Стихи, чувств нежных вдохновенье,

Он по-арабски написал,

И вот их точное значенье:

108

"Цветы, луга, ручей живой,

Счастливый грот, прохладны тени,

Приют любви, забав и лени,

Где с Анжеликой молодой,

С прелестной дщерью Галафрона,

Любимой многими – порой

Я знал утехи Купидона.

Чем, бедный, вас я награжу?

Столь часто вами охраненный,

Одним лишь только услужу –

Хвалой и просьбою смиренной.

109

Господ любовников молю

Дам, рыцарей и всевозможных

Пришельцев, здешних иль дорожных,

Которых в сторону сию

Фортуна заведет случайно , -

На воды, луг, на тень и лес

Зовите благодать небес,

Чтоб нимфы их любили тайно,

Чтоб пастухи к ним никогда

Не гнали жадные стада".

110

Граф точно так, как по-латыни,

Знал по-арабски.
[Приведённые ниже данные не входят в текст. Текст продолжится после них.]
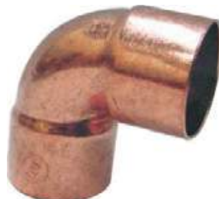
CODO COBRE SOLDAR CXC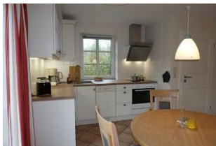
...hier noch einmal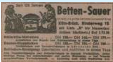
Anzeige im Kölner Stadt-Anzeiger im Jahre 1948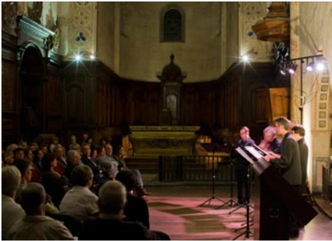
Concert de Scandicus

Он не раз

Спасался тем от злых проказ,

Но от беды не спасся ныне.

111

Два, три раза, и пять, и шесть

Он хочет надпись перечесть;

Несчастный силится напрасно

Сказать, что нет того, что есть.

Он правду видит, видит ясно,

И нестерпимая тоска,

Как бы холодная рука,

Сжимает сердце в нем ужасно.

И, наконец, на свое позор

Вперил он равнодушный взор.

112

Готов он в горести безгласной

Лишиться чувств, оставить свет.

Ах, верьте мне, что муки нет,

Подобной муке сей ужасной.

На грудь опершись бородой,

Склонив чело, убитый, бледный,

Найти не может рыцарь бедный

Ни вопля, ни слезы одной.

А. С. Пушкин. «Ворон к ворону летит»

* * *

Ворон к ворону летит,

Ворон ворону кричит:

"Ворон! где б нам отобедать?

Как бы нам о том проведать?"

Ворон ворону в ответ:

"Знаю, будет нам обед;

В чистом поле под ракитой

Богатырь лежит убитый.

Кем убит и отчего,

Знает сокол лишь его,

Да кобылка вороная,

Да хозяйка молодая.

Сокол в рощу улетел,

На кобылку недруг сел,

А хозяйка ждет милого,

Не убитого, живого".

Микеланджело Буонаротти

(Перевод Андрея Вознесенского)

* * *

Кончину чую. Но не знаю часа.

Плоть ищет утешенья в кутеже.

Жизнь плоти опостылела душе.

Душа зовет отчаянную чашу!

Мир заблудился в непролазной чаще

средь ядовитых гадов и ужей.

Как черви, лезут сплетни из ушей.

И Истина сегодня – гость редчайший.

Устал я ждать. Я верить устаю.

Когда ж взойдет, Гос­подь, что ты посеял!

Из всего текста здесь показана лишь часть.